This specification defines a new Session Initiation Protocol (SIP)
Via header field parameter, "received-realm", which allows a SIP
entity acting as an entry point to a transit network to indicate from
which adjacent upstream network a SIP request is received, using a
network realm value associated with the adjacent network.
NOTE: As the adjacent network can be an enterprise network, an Inter
Operator Identifier (IOI) cannot be used to identity the network, as
IOIs are not defined for enterprise networks.
The following sections describe use-cases where the information is
needed.
1.2. Use-Case: Transit Network Application Services
The 3rd Generation Partnership Project (3GPP) TS 23.228
[TS.3GPP.23.228] specifies how an IP Multimedia Subsystem (IMS)
network can be used to provide transit functionality. An operator
can use its IMS network to provide transit functionality e.g. to non-
IMS customers, to enterprise networks, and to other network
operators.
The transit network operator can provide application services to the
networks for which it is providing transit functionality. Transit
application services are typically not provided on a per user basis,
as the transit network does not have access to the user profiles of
the networks for which the application services are provided.
Instead, the application services are provided per served network.
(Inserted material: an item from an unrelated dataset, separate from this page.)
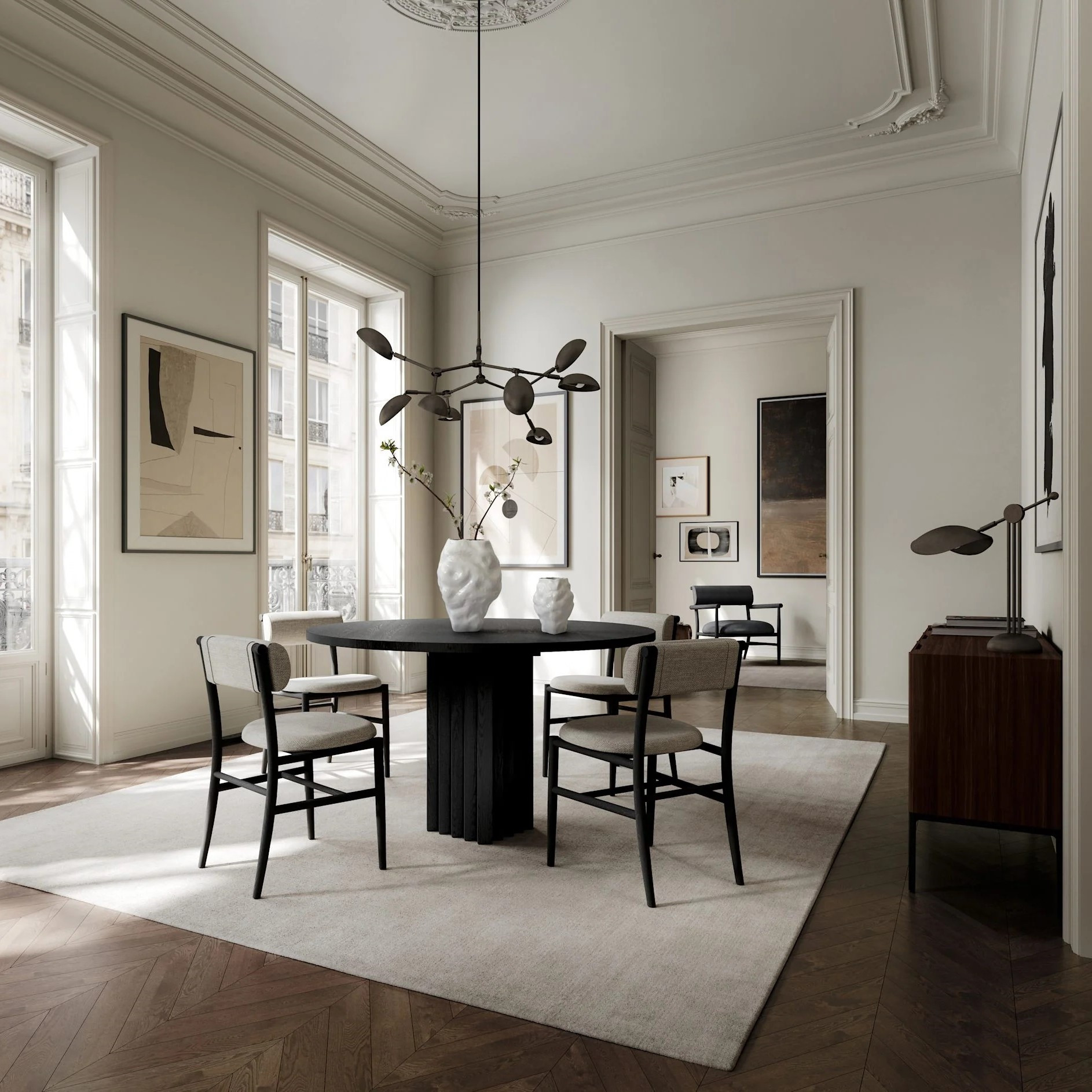 DánštinaTabulka oblouku Značky101 Copenhagen Jde o spojení sochařské elegance a minimalistické moderny. Inspirován stylem Art Deco potěší charakteristickými kroky a oblouky, které dodávají hloubku a jemnou hru stínů. Deska stolu je vyrobena z masivního amerického dubu v barvěCoffee Black Oak Vyzařuje teplo a ušlechtilou texturu dřeva, která kontrastuje s architektonickou Ton základnou vyrobenou z litého sklolaminátu v odpovídajícím kávovém odstínu.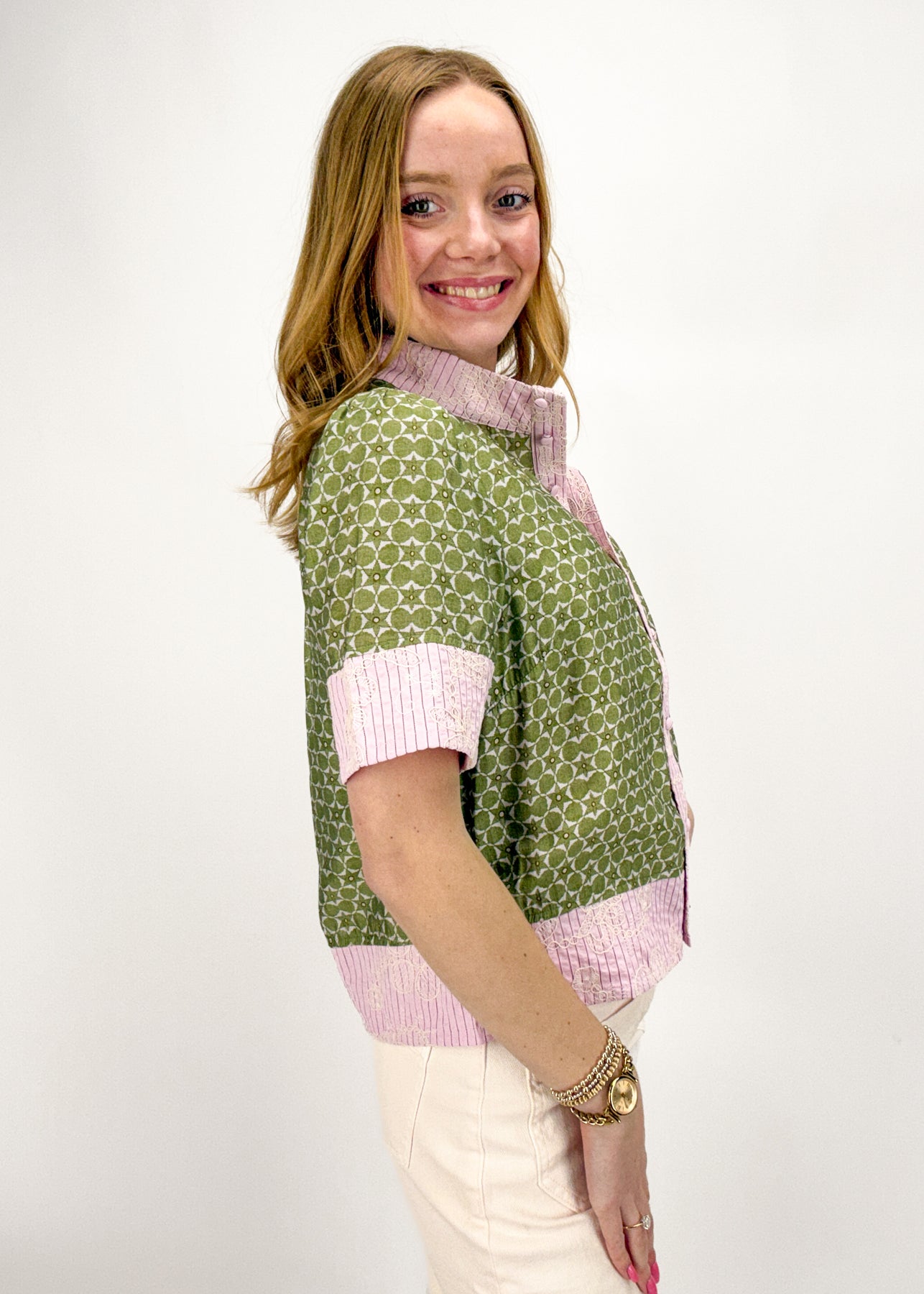 In a stunning pink and green combo, this top features a small pattern with pink striped trim and delicate embroidery.

When a SIP entity that provides application services (e.g. an
Application Server) within a transit network receives a SIP request,
in order to apply the correct services, it needs to know the adjacent
upstream network from which the SIP request is received.
1.3. Use-Case: Transit Network Routing
A transit network operator normally interconnects to many different
operators, including other transit network operators, and provides
transit routing of SIP requests received from one operator network
towards the destination. The destination can be within an operator
network to which the transit network operator has a direct
interconnect, or within an operator network that only can be reached
via one or more interconnected transit operators.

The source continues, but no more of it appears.